EN: Discrete Mathematics provides rigorous exposure concerning discrete structures and their relevant properties for computer science. This course supports the discrete structure materials used in data structure and other relevant foundations in algorithms. There are four main topics in this course, which correspond to four course learning outcomes. The first topic discusses relation, function, and simple homogenous recurrence relation. The students will learn the definition of relation and function as well as their representation and mathematical characteristics. In addition, the students will learn the recurrence relations that will be used in algorithm analysis. The second topic is pertaining to combinatorial mathematics. The student will study the basic counting principle, pigeonhole principle, permutations and combinations, as well as their generalization. The third topic is about graphs and trees. In this topic, the students will be exposed to the formal definition of graphs, some properties of graphs, and some elementary graph algorithms (algorithm for solving vertex coloring problem, shortest path problem, and minimum spanning tree problem). Finally, in the last topic, the students will learn elementary number theory, which contains the discussion about divisibility, greatest common divisor, least common multiple, and their applications, and elementary modular arithmetic as well as their related algorithms.

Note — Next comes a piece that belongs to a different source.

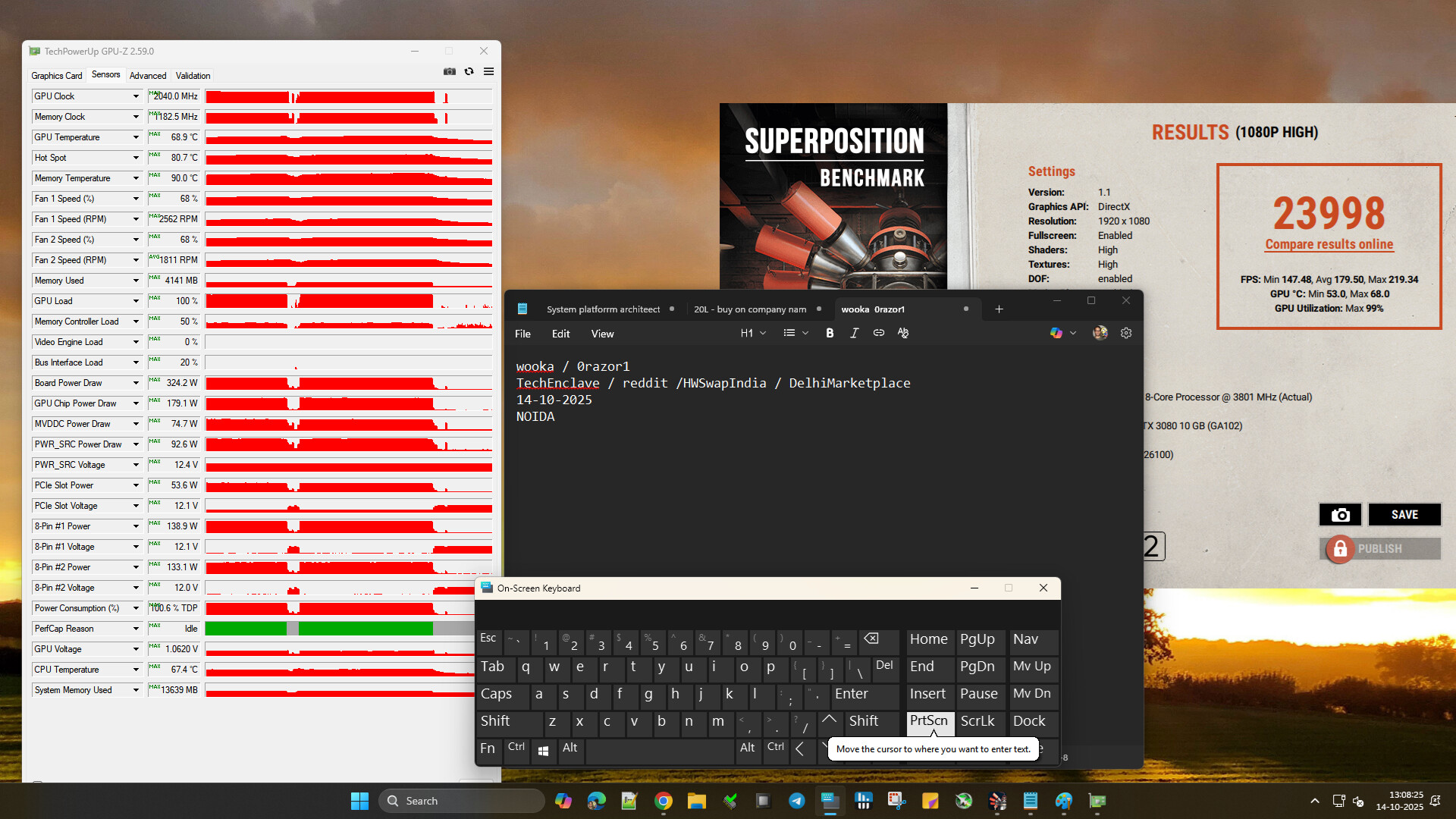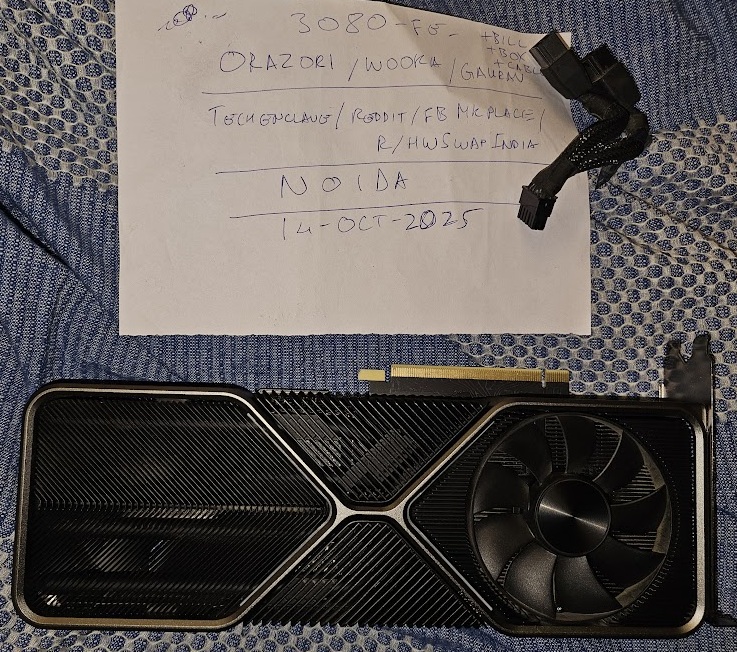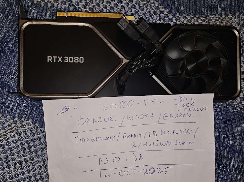 Mint condition 3080 FE sparingly used, beast of a card. Can be undervolted to give about 90% performance at 220W. You can also OC it to almost 3090 levels if you’d like. It’s been used for a few hours a month, at best.

ID: Matematika Diskrit memberikan paparan yang rinci terkait struktur diskrit dan sifat-sifatnya yang relevan untuk ilmu komputer. Kuliah ini mendukung materi struktur diskrit yang digunakan pada struktur data dan fondari relevan lain dalam algoritma. Ada empat topik utama dalam kuliah ini yang berkaitan dengan empat capaian pembelajaran (course learning outcome). Topik pertama membahas relasi, fungsi, dan relasi rekurensi homogen sederhana. Mahasiswa mempelajari definisi relasi dan fungsi beserta representasi dan karakteristik matematisnya. Selain itu mahasiswa juga mempelajari relasi rekurensi yang akan digunakan selanjutnya dalam analisis algoritma. Topik kedua terkait matematika kombinatorika. Mahasiswa mempelajari dasar teknik berhitung, prinsip sarang merpati, serta permutasi dan kombinasi beserta perumumannya. Topik ketiga terkait graf dan pohon. Pada topik ini mahasiswa akan mengkaji definisi formal graf, sifat-sifat graf, dan beberapa algoritma graf elementer (pewarnaan simpul, pencarian lintasan terpendek, dan konstruksi pohon perentang minimum). Terakhir, pada topik ke empat mahasiswa mengkaji teori bilangan elementer, yang meliputi keterbagian, faktor persekutuan terbesar dan kelipatan persekutuan terkecil beserta aplikasinya, dan aritmetika modular elementer, serta algoritma yang terkait dengan hal-hal tersebut.